Édouard : Aucune ! Quand on leur dit ça, la première réaction des profs c’était un soulagement par rapport à l’organisation ; dire « tant mieux ! on n’est pas obligés de les faire, OK, on ne les fait pas. » Très vite consensus sur la question et on a écrit dans la semaine suivante une lettre à la principale qui a été transmise pendant le Conseil d’administration et, de ce que j’ai vu du compte-rendu du Conseil d’administration, les parents, surtout, étaient très compréhensifs et comprenaient complètement qu’on ne fasse pas passer ces évaluations. D’autant plus que, comme on disait tout à l’heure, c’est fait à peine un mois après la rentrée ; ça n’a pas vraiment de sens.
??? : Oui, c’est ça.
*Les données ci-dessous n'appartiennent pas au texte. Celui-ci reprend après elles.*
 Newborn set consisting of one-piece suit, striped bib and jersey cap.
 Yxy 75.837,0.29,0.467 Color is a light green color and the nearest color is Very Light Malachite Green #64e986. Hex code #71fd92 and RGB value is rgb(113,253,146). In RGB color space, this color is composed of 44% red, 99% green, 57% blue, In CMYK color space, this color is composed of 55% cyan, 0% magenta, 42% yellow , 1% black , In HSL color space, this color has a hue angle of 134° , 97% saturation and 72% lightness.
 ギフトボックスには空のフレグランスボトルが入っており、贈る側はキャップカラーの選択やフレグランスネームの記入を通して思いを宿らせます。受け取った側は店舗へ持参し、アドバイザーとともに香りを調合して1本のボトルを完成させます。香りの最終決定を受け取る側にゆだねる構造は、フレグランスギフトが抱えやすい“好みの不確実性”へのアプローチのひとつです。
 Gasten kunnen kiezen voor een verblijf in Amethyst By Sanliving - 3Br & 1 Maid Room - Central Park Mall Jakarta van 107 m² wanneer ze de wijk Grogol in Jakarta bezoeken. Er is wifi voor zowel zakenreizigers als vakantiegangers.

Si ce n’est même pas compris par les parents d’élèves et les profs, il y a peu de chances qu’il y ait du soutien.
Flo : Et Jean-Marc, sur ton école ?
Jean-Marc : Nous, ça fait déjà quand même des années qu’on est sur des positions assez strictes où on va mettre en avant en pédagogie ce qui sert les élèves et ce qui fait vivre des choses intéressantes dans les classes. Donc les évaluations, comme vous venez de dire, à deux semaines de la rentrée pour des élèves qui viennent de maternelle, les mettre tous et toutes à faire l’exercice en même temps avec les phrases à suivre à la virgule près, c’est une aberration pédagogique ; ça on en certains. Donc on l’a expliqué aux familles tout de suite à la réunion de rentrée en leur disant qu’on n’allait pas stresser les gamins, qu’on allait leur laisser du temps pour travailler, pour prendre leurs marques, pour coopérer au lieu d’être en compétition les uns avec les autres.
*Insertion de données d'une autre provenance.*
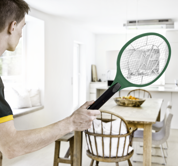 Fluginsekten wie Fliegen, Mücken, Motten und Wespen können ziemlich nervig sein. Wenn das Essen am Tisch steht oder der Griller gestartet ist, sammeln sich oft unzählige von ihnen an. Eine elektrische Fliegenklatsche schafft hier Abhilfe, ohne den Insekten lange hinterherjagen zu müssen. Mit nur einer Berührung der elektrisch betriebenen Fliegenklatsche werden die Insekten gift- und chemiefrei erledigt. Das Spannungsdrahtgitter ist elektrisch geladen und gibt bei Kontakt mit einem Insekt einen kleinen elektrischen Schlag ab. Von diesem Schlag werden die Fluginsekten sofort getötet. Die Fliegenklatsche in sportlicher Racket-Form ist einfach in der Handhabung und äußerst effektiv. Auch auf Ausflügen wie beim Angeln oder Zelten ist die ACTION RACKET stets ein guter Begleiter.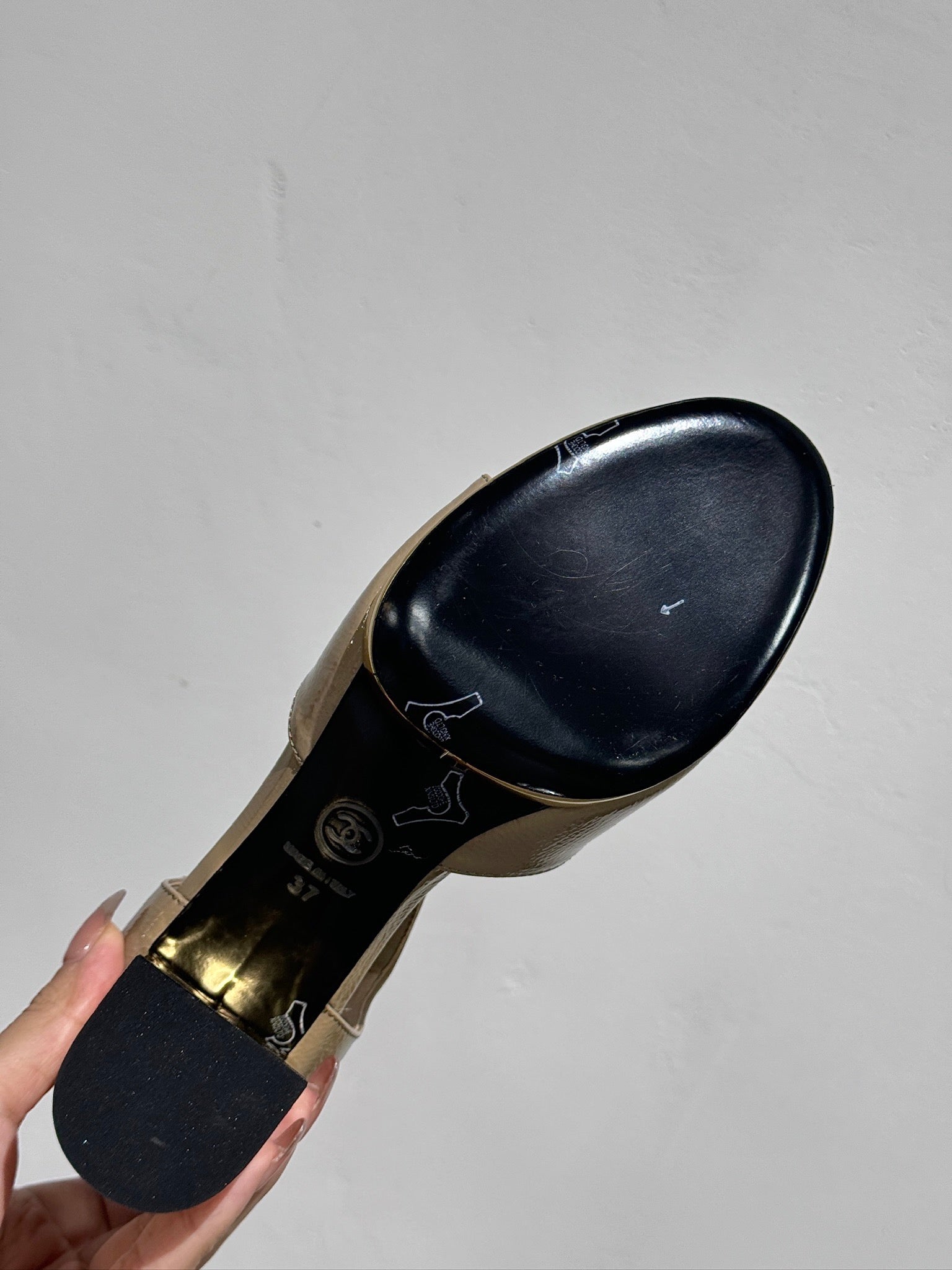 BLOCK HEEL SANDALS BEIGE SHEEPSKIN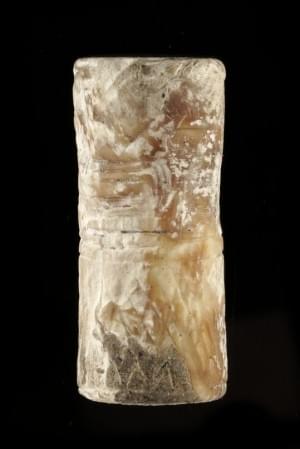 105. 5 sceaux-cylindres, coquillage schiste vert et calcaire noir, Akkad, 2340-2150 av. JC
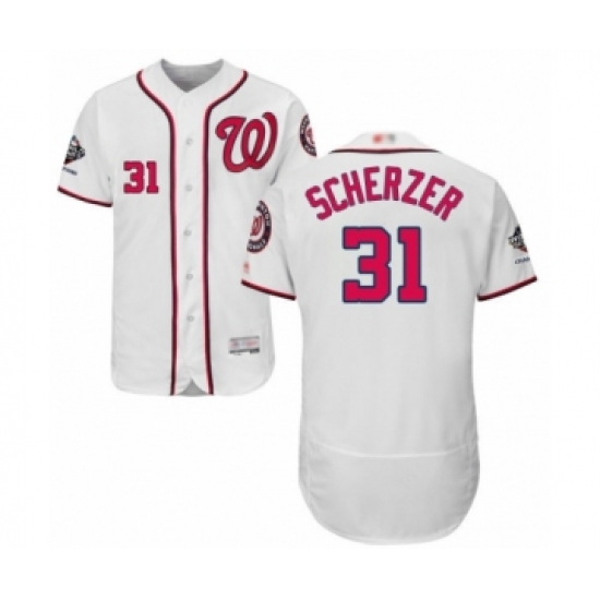 Men's Washington Nationals #31 Max Scherzer White Home Flex Base Authentic Collection 2019 World Series Champions Baseball Jersey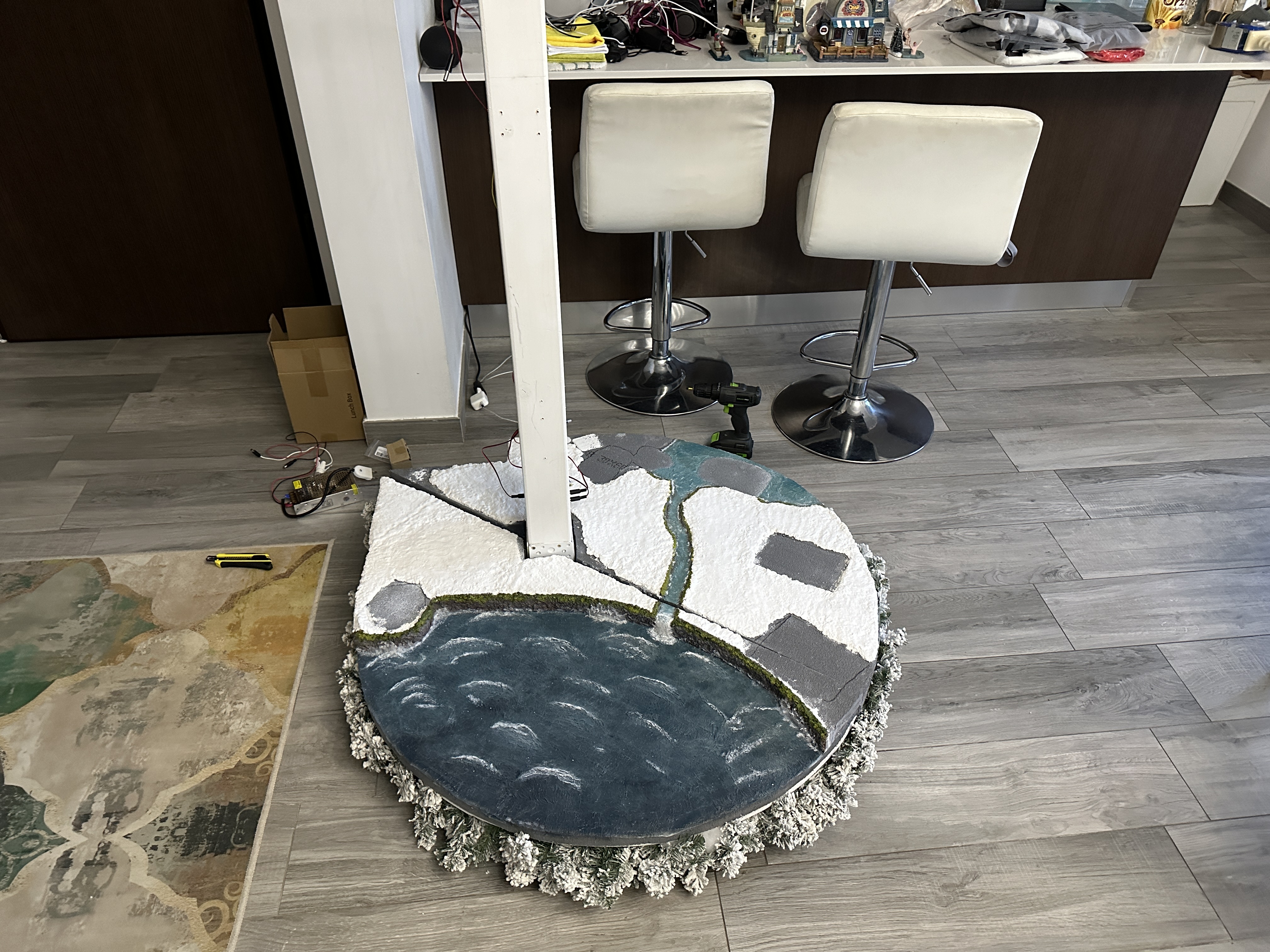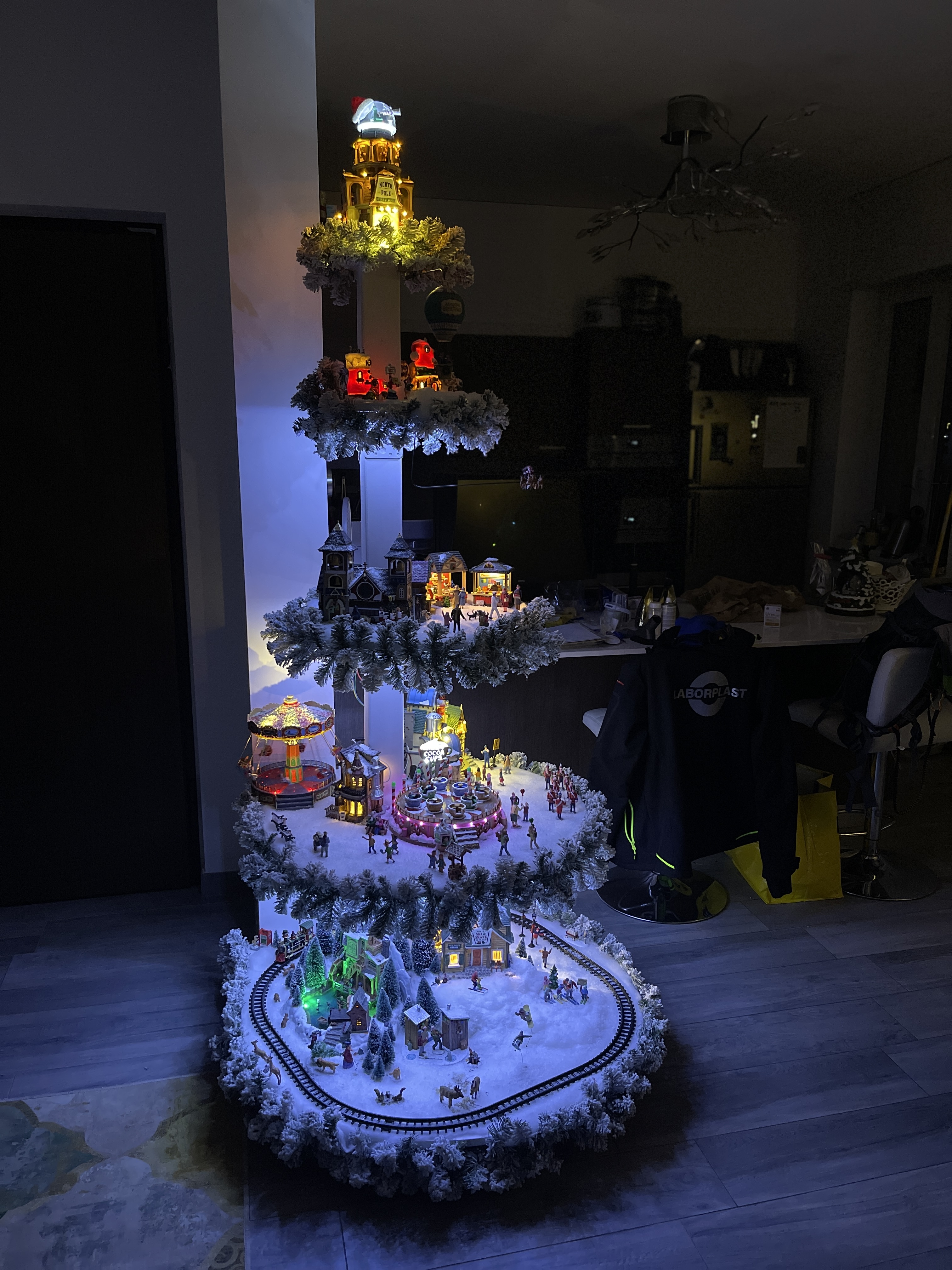 L’anno scorso ci siamo limitati allo stand coperto da un “tappeto” di ovatta bianca a simulare la neve. Da quest’anno siamo entrati un po’ più nel mondo del “dioramismo” per riprodurre un ambientazione più realistica. Il programma per il futuro è quello di produrre l’ambientazione per tutti i piani e, nel frattempo, prepararne anche per gli altri periodi dell’anno (vacanze estive, Halloween, Primavera/Pasqua/Carnevale…). Il meglio che si potrebbe fare è trasformare l’albero in Yggdrasil, l’albero del mondo della mitologia norrena, rappresentando sui vari piani gli altri mondi (Jotunheim, Niflheim, Asgard…)

Et aussi il est quand même important de rassurer les familles sur le fait que même si on est sur des positions de refus ou de boycott sur les injonctions ministérielles, disons les choses comme elles sont, on évalue les élèves individuellement en prenant du temps pour travailler avec eux et on va remplir des documents à destination des familles et à destination des collègues qui vont être beaucoup plus précis et beaucoup plus exigeants que ceux du ministère ; pas forcément plus détaillés, ça dépend sur quels points, mais c’est vrai que pour déceler des difficultés d’élèves et pour aider ces élèves il faut les connaître vraiment très bien.
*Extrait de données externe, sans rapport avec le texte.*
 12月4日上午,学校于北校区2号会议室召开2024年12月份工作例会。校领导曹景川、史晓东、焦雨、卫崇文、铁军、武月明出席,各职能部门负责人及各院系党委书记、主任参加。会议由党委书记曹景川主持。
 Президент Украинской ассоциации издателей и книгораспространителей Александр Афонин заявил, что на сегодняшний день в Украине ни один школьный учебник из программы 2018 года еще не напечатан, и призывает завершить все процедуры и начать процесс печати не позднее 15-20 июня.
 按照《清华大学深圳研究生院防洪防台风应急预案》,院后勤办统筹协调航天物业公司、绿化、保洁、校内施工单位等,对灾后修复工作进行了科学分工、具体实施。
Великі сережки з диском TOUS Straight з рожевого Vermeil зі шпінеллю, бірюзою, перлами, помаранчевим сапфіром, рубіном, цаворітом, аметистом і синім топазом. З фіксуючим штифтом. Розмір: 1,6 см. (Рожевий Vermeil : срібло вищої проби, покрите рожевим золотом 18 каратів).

Il y a beaucoup de professeurs qui perçoivent les évaluations du ministre et l’aide après qui va nous être proposée en ligne comme une aide parce qu’ils ne sont pas forcément habitués à passer énormément de temps à concevoir les outils et à concevoir les outils en équipe parce qu’il nous manque du temps pour ça. Et là où l’institution marque beaucoup de points c’est qu’elle nous propose quelque chose clefs en main qui va faciliter la tâche des collègues. Et si nous on arrive derrière avec des outils beaucoup plus réfléchis dans le temps et qu’on les présente aux familles, les familles vont tout de suite comprendre notre refus, elles vont nous soutenir, elles vont nous dire merci de faire attention à nos enfants et de travailler avec eux avec bienveillance et les choses vont être vraiment bien comprises.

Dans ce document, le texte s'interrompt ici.